Don’t worry, Monique, my mother’s just having a breakdown
.

By Friday I knew I had to re-enter the world. Not just to take up the reins, or to be there for Sean, but to reassure myself I did exist. It was scaring me a little, this letting go.

*

Aware that I’d lost more weight and that there were bags under the bags under my eyes, I was prepared for the questions my mother would throw at me, so I forestalled them.

‘I’ve seen Alex.’

We were sitting in the back room of her flat, with the patio doors wide open; the temperature was in the eighties.

‘Alex?’ My mother’s brow furrowed as she puzzled over this. ‘You mean,
that
Alex?’ When I confirmed this she stared at me, her mind searching for some kind of reference point. ‘When? Is she here?’

‘No, Mum, she lives in London. Always has, it turns out, ever since…’

I trailed off, looking at my mother’s veined hands where they’d paused from knitting waistcoats for rescued greyhounds, her latest charity.
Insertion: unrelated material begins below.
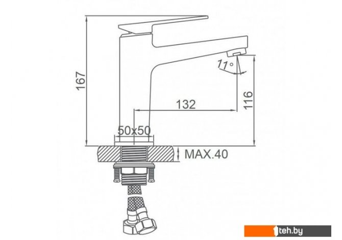 | Длина (вылет) излива | 132 мм |

When I thought of my mother it was often like this, sitting in her favourite chair with a pair of knitting needles darting to and fro, a ball of wool spinning at her feet. It had to be something serious to make the needles stop their clacking, something that needed her undivided attention. She peered at me now over the top of her vari-focals, her china-blue eyes bright and alert.

‘I thought she…’

‘Thought what?’

‘Well, I never liked to say it, but I thought she might be dead. You know, drugs or something… You actually saw her?’

‘Yes.’

‘And you’re sure it was her?’

‘Mum, I don’t mean just saw her in the street — I met her, spoke to her.’

The needles began their clicking again; she was finishing a row, intent on each stitch, taking time to think. At the end of the row she laid the knitting down on the coffee table at her side.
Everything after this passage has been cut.